I don't see any obvious way to ask the processor what stylesheet is thinks it's using -- is there something I can look at in the processor?

Thanks cud

RE: Processor Lifecycle, or Can I Cache a Processor? - Added by Chris Despopoulos over 8 years ago

Sadly, I believe the processor does not update with a new stylesheet. I put a test together that minimizes the variables. I call two different stylesheets to run against the same XML. One is supposed to only deliver the short description, and the other delivers the whole topic. I prove that I'm getting a different stylesheet. Then I prove that the processor delivers the same result no matter which stylesheet I use. So the results I get indicate that I can't reset the stylesheet. Am I doing something wrong?

Here's the HTML with two links to transform the XML. Note that the XSLT files, the XML File, and the test.js file are all in the same directory, to keep things simple.

<script type="text/javascript" src="./Saxon-CE_1_1/SaxonceDebug/Saxonce.nocache.js"></script> <script type="text/javascript" src="./test.js"></script> Short Desc
Task

Now here's test.js which creates the processor to init, and then reuses it for further calls. :

var myTest = { _processor : undefined,

transformToHtmlString : function(content, transform) {

    if(this._processor === undefined) {
        alert("CREATING PROCESSOR: "+transform);
        this._processor = Saxon.newXSLT20Processor(Saxon.requestXML(transform));
    } else {
        alert("USING EXISTING PROCESSOR: "+transform);
    }

    this._processor.reset();
    this._processor.importStylesheet(Saxon.requestXML(transform));
    var result = this._processor.transformToDocument(Saxon.requestXML(content));
    alert(Saxon.serializeXML(result));
}

};

RE: Processor Lifecycle, or Can I Cache a Processor? - Added by Michael Kay over 8 years ago

I'm not sure what's going on here.

I'm also sorry to say that I'm not sure there is all that much point in investigating it. Even before the launch of Saxon-JS, it has become increasingly unlikely that we will ever ship a maintenance release of Saxon-CE, because it takes about a month just to test it, and with the passage of time and changes in the browser environment, and increasing number of the tests that we have are no longer valid. One of the aims of the Saxon-JS development has been to put this situation behind us and create a product that is much more readily testable. So even if we do isolate the bug, I don't think it is likely to be fixed. I'm afraid that's a price you pay with open source licenses.

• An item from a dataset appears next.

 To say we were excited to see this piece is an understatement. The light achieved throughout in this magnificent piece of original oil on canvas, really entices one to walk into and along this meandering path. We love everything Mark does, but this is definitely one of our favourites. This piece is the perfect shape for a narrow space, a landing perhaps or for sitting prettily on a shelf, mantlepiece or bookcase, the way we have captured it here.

RE: Processor Lifecycle, or Can I Cache a Processor? - Added by Chris Despopoulos over 8 years ago

Fair enough. By any chance, is there a way for me to get hold of the source to see if I can fix it locally? (Probably not, but I have to ask...)

I might want to use Saxon-JS, then. Will it be open source as well? And can I see a Beta?

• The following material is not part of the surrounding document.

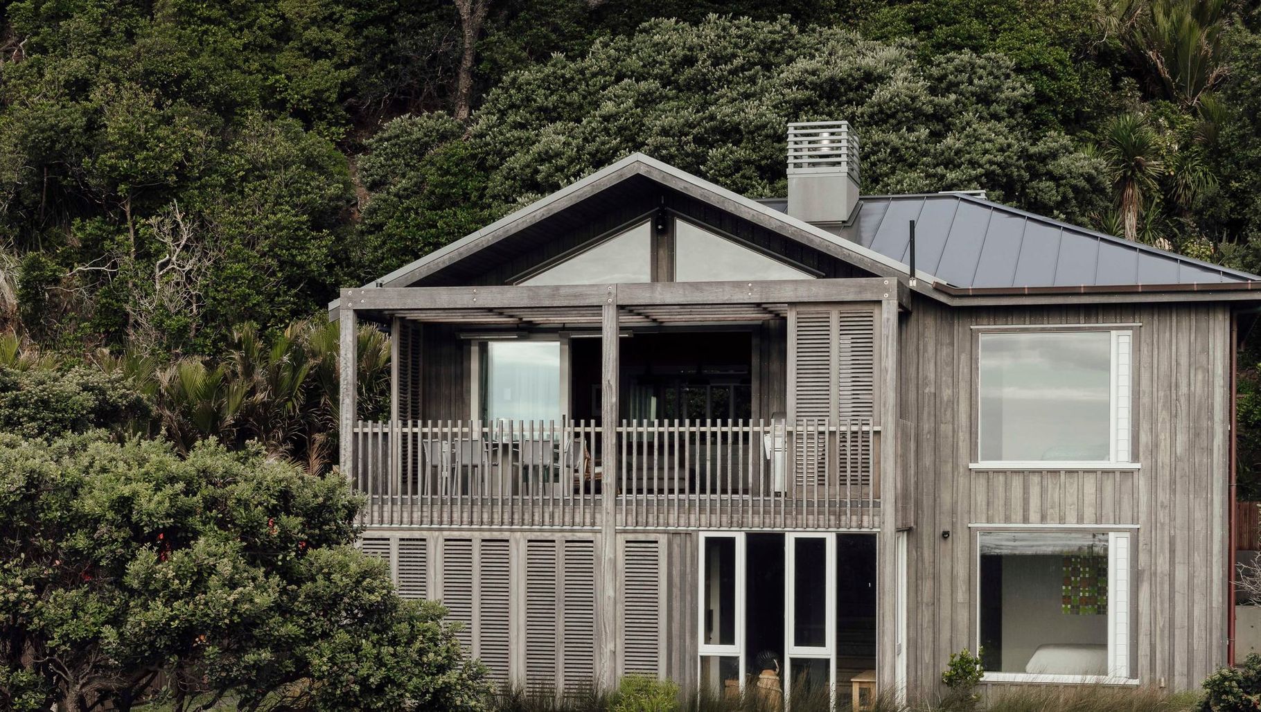 ArchiPro Project Summary - The Piha House is a modern cottage that blends design with nature, featuring grey siding and a striking roof, emphasizing sustainability and comfort.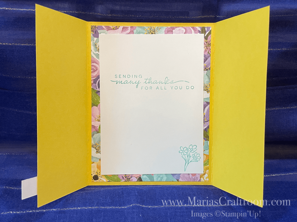 Hi this is Maria. Today we’re making an easy Gate Fold Card. We’ll be using the retiring Hues of Happiness Designer Series Paper, and retiring Happiness Abounds Stamp Set. I love this paper! So sad to see it retire, but I will continue to use it and the other retiring products as much as I can. That way, you can see them in action while you can still get them.

This is why I asked about lifecycle... I believe you manage XML files as placeholders under the covers, and then get them synchronously or asynchronously depending on the need. So do you perform any sort of under-the-covers management of the processor as well? Like when you execute the NEW, do you see that one already exists and use it? Or does every NEW create a unique object, and it's up to garbage collection to get rid of them all?